Range to reproduce from the entries below: the line with "- Отсутствие щелей", the line with "Протокол матча Латина против Виртус Энтелла", and every line in between. Give them exactly and give nothing else.

[Dataset entries]
^^^^^^^^^^^^^^^^

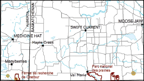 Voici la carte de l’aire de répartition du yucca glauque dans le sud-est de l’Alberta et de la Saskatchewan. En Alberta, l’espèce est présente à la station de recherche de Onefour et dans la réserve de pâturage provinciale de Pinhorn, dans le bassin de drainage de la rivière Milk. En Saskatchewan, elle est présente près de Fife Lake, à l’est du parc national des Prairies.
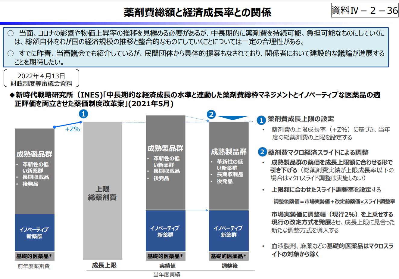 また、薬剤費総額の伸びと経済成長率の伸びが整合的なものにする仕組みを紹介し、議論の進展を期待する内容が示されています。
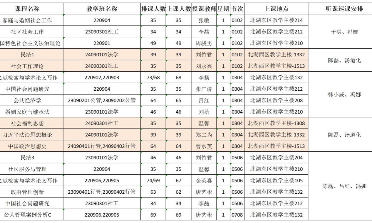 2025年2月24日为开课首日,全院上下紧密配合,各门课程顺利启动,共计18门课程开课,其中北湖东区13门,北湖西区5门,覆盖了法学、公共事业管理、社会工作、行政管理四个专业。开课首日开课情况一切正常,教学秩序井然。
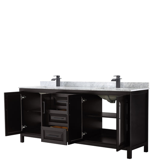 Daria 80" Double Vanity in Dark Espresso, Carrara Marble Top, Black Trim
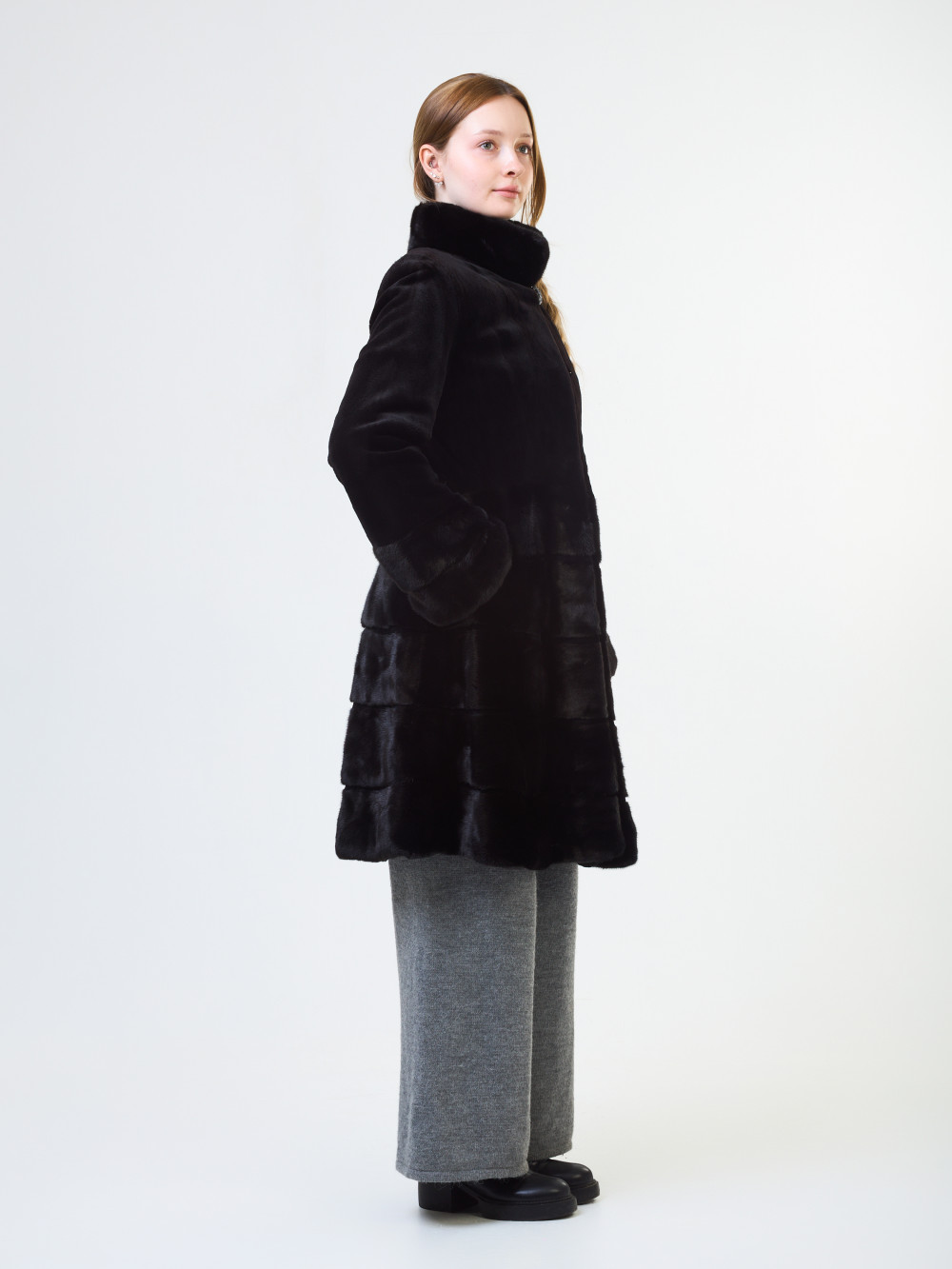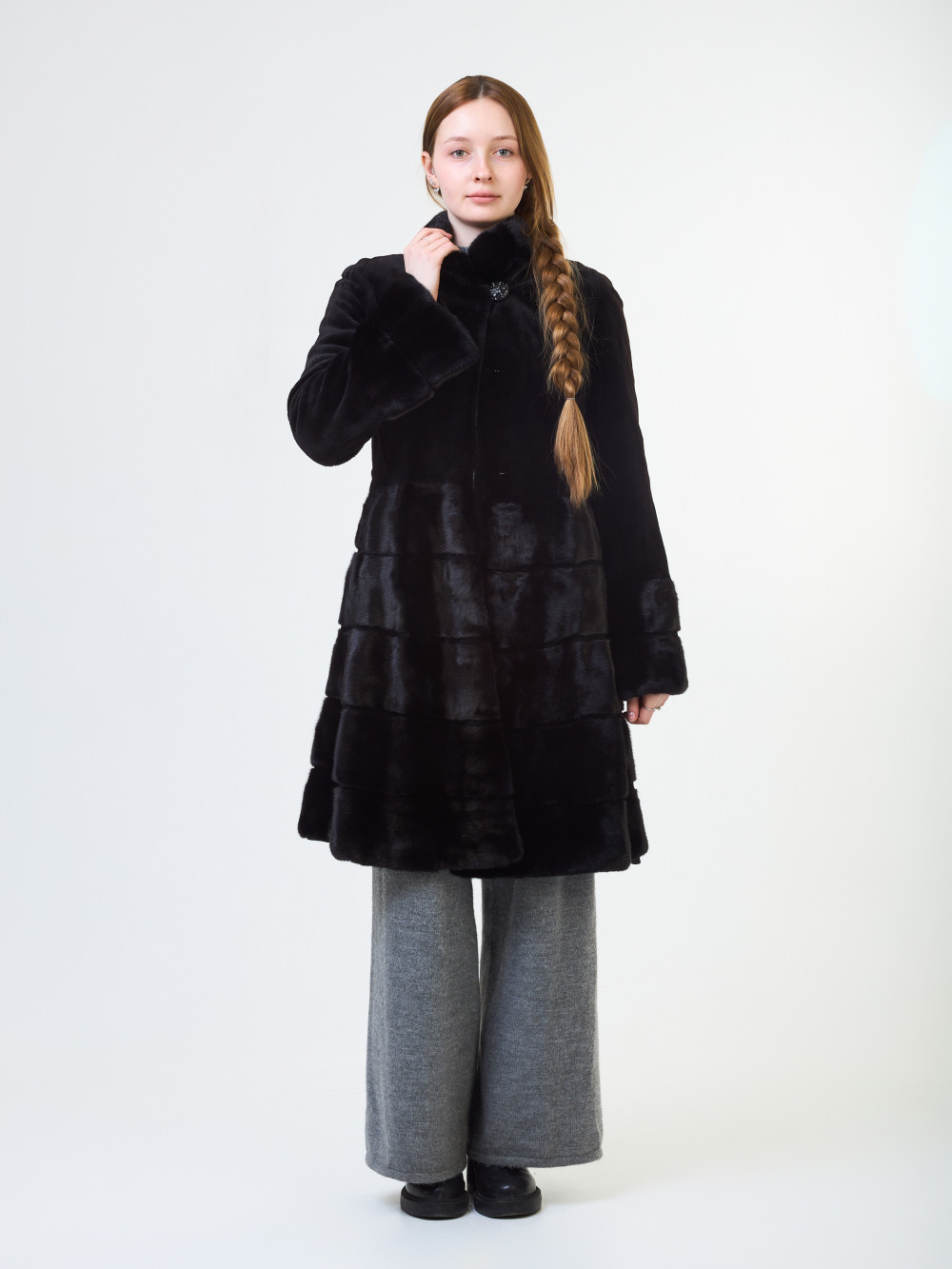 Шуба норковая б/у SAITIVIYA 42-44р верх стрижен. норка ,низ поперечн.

^^^^^^^^^^^^^^^^

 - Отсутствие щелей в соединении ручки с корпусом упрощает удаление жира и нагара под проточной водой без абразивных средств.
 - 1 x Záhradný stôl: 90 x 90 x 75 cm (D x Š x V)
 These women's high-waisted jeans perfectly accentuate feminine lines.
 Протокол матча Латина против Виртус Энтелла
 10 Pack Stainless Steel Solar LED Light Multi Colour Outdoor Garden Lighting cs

^^^^^^^^^^^^^^^^

Answer for this exercise -
 - Отсутствие щелей в соединении ручки с корпусом упрощает удаление жира и нагара под проточной водой без абразивных средств.
 - 1 x Záhradný stôl: 90 x 90 x 75 cm (D x Š x V)
 These women's high-waisted jeans perfectly accentuate feminine lines.
 Протокол матча Латина против Виртус Энтелла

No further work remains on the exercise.